11. Recap • Integrated science needs integrated world views using agreed data models such as CSML, GeoSciML. • Data conditioning and the adoption of shared data models are pre-requisites for scalable technological services for better integrated science. • Data centres must play a key role in conditioning data to enable cross-institutional and cross-discipline interoperability. • Data managers must participate in community governance of standards. • Integrated science depends on good data management.

12. Integrated Science and external users of NERC data (e.g. INSPIRE) require Interoperable data e.g. • Users increasingly expect to be able to obtain digital geoscience and other environmental data in a standard well defined and understood structural and semantic form from different providers. They want interoperability. • “interoperability” can mean different things to different people. One good practical definition from INSPIRE is ‘the possibility for data services to interact, without repetitive manual [human] intervention’.

13. interoperability semantic schematic syntax systems What does interoperability mean?
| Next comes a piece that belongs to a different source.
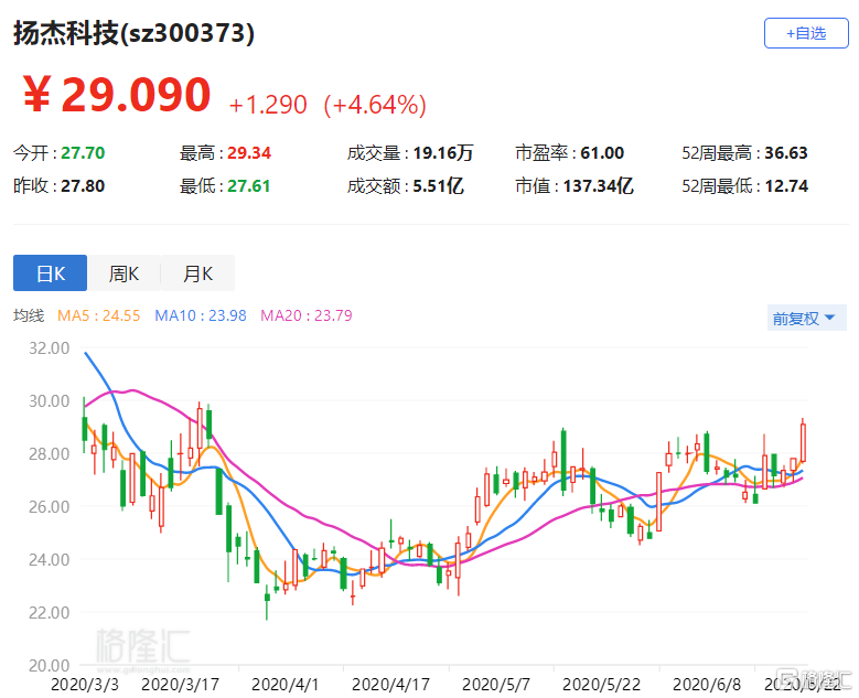 A股异动丨扬杰科技(300373.SZ)涨4.64% 拟定增募资不超15亿元

There can be considered four levels of interoperability: Data content Data structure Data language Data systems Concept standardisation GeoSciML OpenGIS community (OGC)

14. How the International CGI built GeoSciML (2003-2008) The first step was to create a logical model based on internationally agreed concepts of geoscience (we call this a conceptual model for short) showing: • the objects in the system • what their properties (attributes) are • how they relate to each other. This has been built using Universal Modelling Language (UML). This is thus a Model Derived Architecture (MDA) – as required increasingly by law on the international scene. Model first then XML schema second. Very important. The UML model was then used to define the structure of the mark-up language for data transfer. The ‘profile’ of UML modelling used was especially designed so that an XML ‘application of GML’ could be produced from it. The mark-up language used is XML (W3C) and incorporates pre-existing standard implementations, in particular Geography Mark-up Language (GML 3.1.1) developed by OGC. GeoSciML is a GeoScience Mark-up Language based on GML encoded in XML.
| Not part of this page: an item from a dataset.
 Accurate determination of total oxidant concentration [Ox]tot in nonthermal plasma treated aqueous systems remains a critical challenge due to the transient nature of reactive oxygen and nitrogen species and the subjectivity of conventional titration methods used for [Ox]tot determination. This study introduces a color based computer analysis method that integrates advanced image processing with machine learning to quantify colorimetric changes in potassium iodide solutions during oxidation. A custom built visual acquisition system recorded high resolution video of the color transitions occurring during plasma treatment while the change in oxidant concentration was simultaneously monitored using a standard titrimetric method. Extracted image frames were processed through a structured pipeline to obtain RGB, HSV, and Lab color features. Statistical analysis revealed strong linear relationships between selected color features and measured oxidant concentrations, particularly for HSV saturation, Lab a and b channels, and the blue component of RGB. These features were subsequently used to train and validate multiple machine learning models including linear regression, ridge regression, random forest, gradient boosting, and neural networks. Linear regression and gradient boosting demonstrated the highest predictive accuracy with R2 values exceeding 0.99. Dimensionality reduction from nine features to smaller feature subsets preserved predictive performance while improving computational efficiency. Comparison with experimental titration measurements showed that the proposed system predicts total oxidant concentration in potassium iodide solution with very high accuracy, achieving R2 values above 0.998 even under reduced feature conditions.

15. Using International standards to engender interoperability: http://www.geosciml.org

16. The scope of GeoSciML • The scientific information (not cartography) normally shown on geological maps including: • Geologic Units • Earth materials (lithologies) • Geologic Structures This information is mainly interpretative • Boreholes • Samples and measurements and further observations

18. What we can do with GeoSciML GML-based data can be used in OGC web services: Rendered into a queryable map … … formatted into a report or …. … read and used by any WFS/GML enabled application

19. It's a walk through of the draft conceptual design. It's a walk through of the draft conceptual design.

20. Testbed demonstrator

21. What next for GeoSciML? • EXPRESSING NERC owned and managed geographically located data as UML modelled and designed GML as XML schemas enhanced with concept standardisation, moves us quite far along the road towards greater interoperability between scientific data of similar domain, and prepares the ground for intra-domain combination of data e.g. INSPIRE ANNEX II data being used with ANNEX I and III • HOWEVER it helps to EXPOSE the fact that we may not have understood as well as we thought our own data and did not understand the data quality and conditioning required to let ‘others’ ‘use’ ‘our’ data e.g. BGS has learnt in setting up GeoSciML services that we must map (in the data) some of our internal concepts to internationally agreed ones; BGS has learnt that some of our quality assured ISO 9001:2000 registered data may not be fit for purpose for letting ‘others’ in integrated science use it ‘in the real world’… • Data for integrated sharing must be data conditioned and made fit for purpose and in 2009 GeoSciML version 3 will be developed with a wider INSPIRE and OneGeology scope.

22. Conclusion The drive for integrated science is pushing the development of data models such as CSML and GeoSciML which are further highlighting the need to put effort into data conditioning for interoperability on as many levels as possible.